How to complete this task: Down to the last line, print the data that follows exactly, without its pictures.

Supplied information:
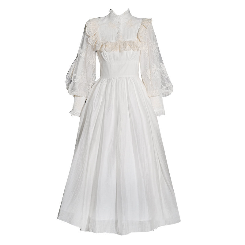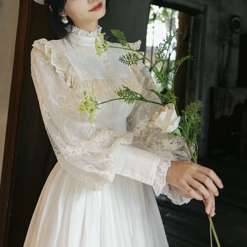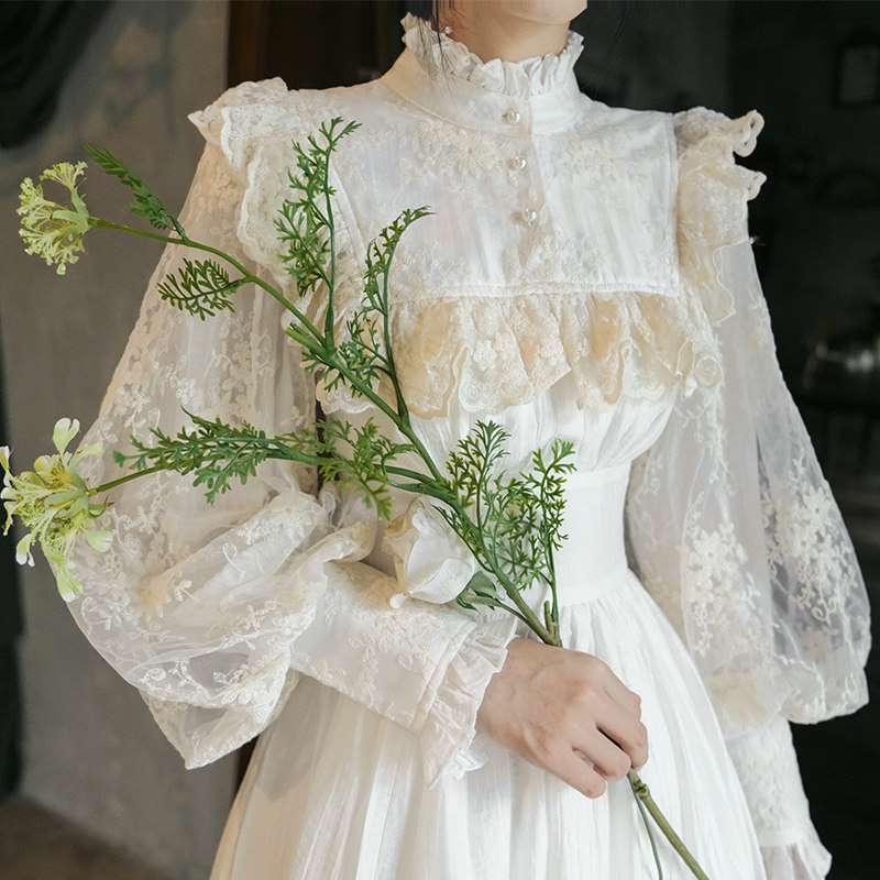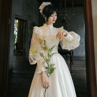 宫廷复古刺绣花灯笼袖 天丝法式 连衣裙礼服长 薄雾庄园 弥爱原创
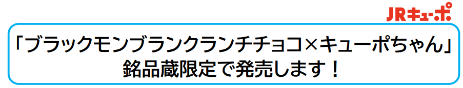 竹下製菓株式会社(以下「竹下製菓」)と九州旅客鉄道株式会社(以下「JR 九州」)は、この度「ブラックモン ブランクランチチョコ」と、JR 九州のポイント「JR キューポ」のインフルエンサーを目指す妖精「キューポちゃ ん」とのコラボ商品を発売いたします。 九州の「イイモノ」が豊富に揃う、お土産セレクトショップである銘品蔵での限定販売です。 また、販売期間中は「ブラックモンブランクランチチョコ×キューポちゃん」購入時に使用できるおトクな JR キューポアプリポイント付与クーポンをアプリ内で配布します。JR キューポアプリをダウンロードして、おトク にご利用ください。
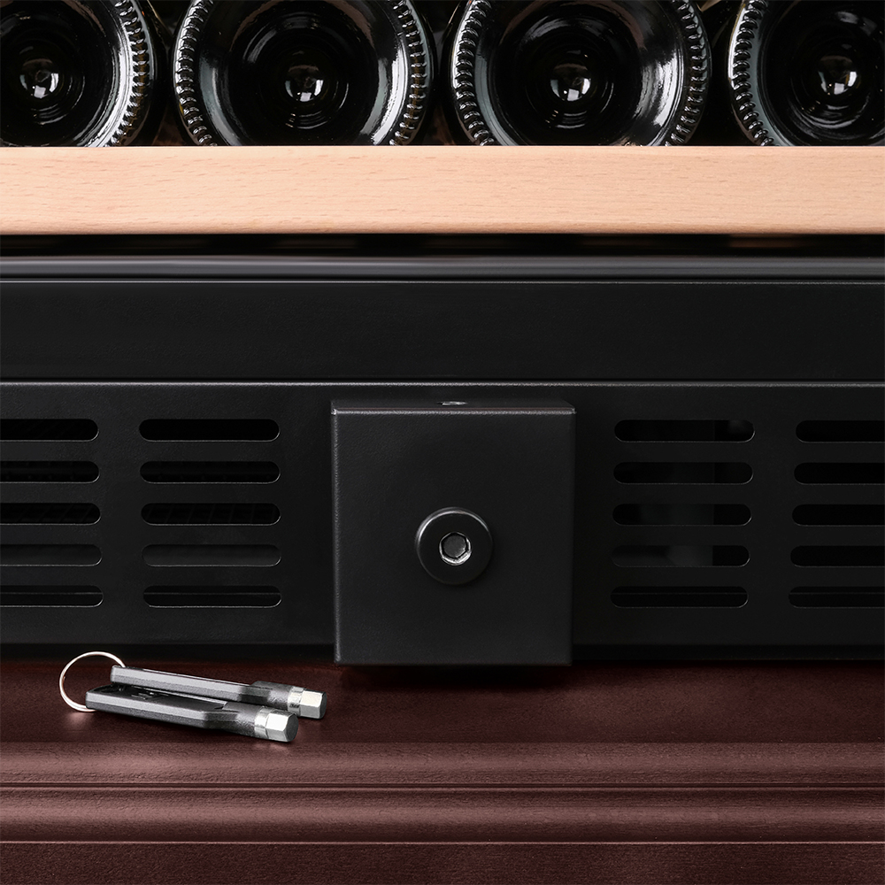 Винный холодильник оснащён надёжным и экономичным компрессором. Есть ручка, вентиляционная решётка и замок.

Your solution:
 宫廷复古刺绣花灯笼袖 天丝法式 连衣裙礼服长 薄雾庄园 弥爱原创
 竹下製菓株式会社(以下「竹下製菓」)と九州旅客鉄道株式会社(以下「JR 九州」)は、この度「ブラックモン ブランクランチチョコ」と、JR 九州のポイント「JR キューポ」のインフルエンサーを目指す妖精「キューポちゃ ん」とのコラボ商品を発売いたします。 九州の「イイモノ」が豊富に揃う、お土産セレクトショップである銘品蔵での限定販売です。 また、販売期間中は「ブラックモンブランクランチチョコ×キューポちゃん」購入時に使用できるおトクな JR キューポアプリポイント付与クーポンをアプリ内で配布します。JR キューポアプリをダウンロードして、おトク にご利用ください。
 Винный холодильник оснащён надёжным и экономичным компрессором. Есть ручка, вентиляционная решётка и замок.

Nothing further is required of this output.